Because of the limitations of language, discussing transcendental domains and the problems of pure consciousness always involves many difficulties, and one can easily confuse things or use terms incorrectly.
This problem is very much like when we ask our Western philosophy teacher in a university class: is the “Dasein” Heidegger speaks of actually a human being? If not, then what exactly is “Dasein”? The teacher says: if you insist that I answer in one sentence whether it is or is not, then I can only be speechless.
Gu Chu2009-12-04 10:17:49 [回复]
All of that is possible, but it has no substantive significance.
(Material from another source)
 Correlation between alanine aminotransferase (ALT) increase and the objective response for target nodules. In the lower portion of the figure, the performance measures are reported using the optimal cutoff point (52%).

The knife as technology and the knife as concept are alike in being historical things, not some fixed and unchanging thing beyond time. People’s knives and their ideas about knives both develop and change: the knives that are made develop as ideas change, and people’s ideas about knives also change as knives develop. This is a relationship of mutual construction in both directions. To ask whether it is really the chicken or the egg that came first is not very meaningful.

unic2009-12-03 23:43:00 Anonymous 61.178.103.141 [回复]
Then the first person to use a knife—did he happen to use a sharp stone implement as a knife, or did he first make a sharp stone implement according to his own concept and then use it as a knife?
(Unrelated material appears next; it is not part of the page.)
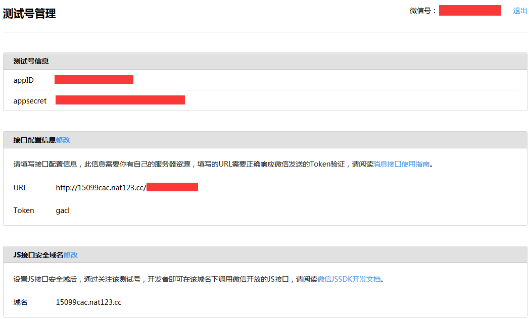 至此,微信公众测试号开通成功,服务器基本配置完成!(服务器能接收微信数据)

古雴2009-12-03 22:50:30 [回复]
I did not say that thinking knives themselves have no intentionality is an anthropocentric bias. Rather, I said that thinking “there are no knives, only humans” is an anthropocentric bias. What I want to say is that if knives themselves have no intentionality, then “humans themselves” do not either.

匿名2009-12-03 22:21:47 Anonymous 219.234.81.110 [回复]
Knives themselves have no intentionality; that cannot be called an anthropocentric bias. Because intentionality is something said of a conscious subject, whereas “humanity” is a concept. Just as a knife, as “a” thing, is also an object constituted by cognitive activity. To say that a knife itself has intentionality may well be to make a transgressive statement. A knife can, however, as technology, become an extension of the “body” of the cognitive subject, jointly constructing a kind of imaginal activity. At that point, the knife is not viewed as a thing, but merely as one part of this activity of cutting.

武政宝宝2009-12-03 02:30:21 [回复]
Only with the shells, can one gain his ghost, right?
Translated from the Chinese original with AI assistance. The original text is authoritative.